Re: Distributed monitoring

On Sun, Mar 29, 2009 at 01:09:46AM +0800, Thomas Goirand wrote:
> The issue here is that we receive so many monitoring alerts that it
> becomes useless. It happened once already that a server really had an
> issue, and because of the flood of alerts, we really realized it was
> down a bit late (45 minutes to 1 hour of down time, which is already
> unacceptable when only a quick reboot using our remote tools was enough
> to solve the issue...). Also, because of the number of alerts and the
> fact they are unreliable (many false positive), we can't use our email
> to SMS gateway to send us alerts.

This sounds like a prima facie case for using matilda(1)[0]
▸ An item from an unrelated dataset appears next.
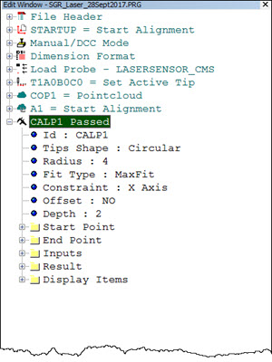 Click Create to define the caliper and add it to the commands in the Edit window.
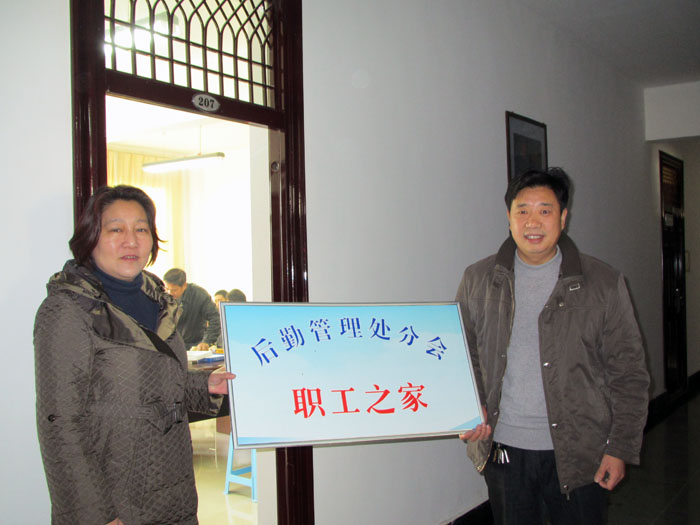 2011年12月15日上午,后勤分会举行了职工之家揭牌仪式,院工会主席邵芙蓉、副主席赵燕军、周立法及后勤分会的领导和部分教职工参加了仪式。

> So what I wanted to have is something where multiple nagios server (or
> another product) would check if a given server is down, and if BOTH are
> reporting failure, then an alert is triggered. We could set up to let's
> say 5 nagios server or something, distributed in different locations.

Pipe the mails to a script which uses diff(1) on each, excluding, the
appropriate headers; if they all match, do nothing; if there are
differences, mail?

[0] <http://ex-parrot.com/~chris/software.html#matilda> (but please note

``Large increases in cost with questionable increases in performance
  can be tolerated only in racehorses and fancy women.'' (Lord Kelvin)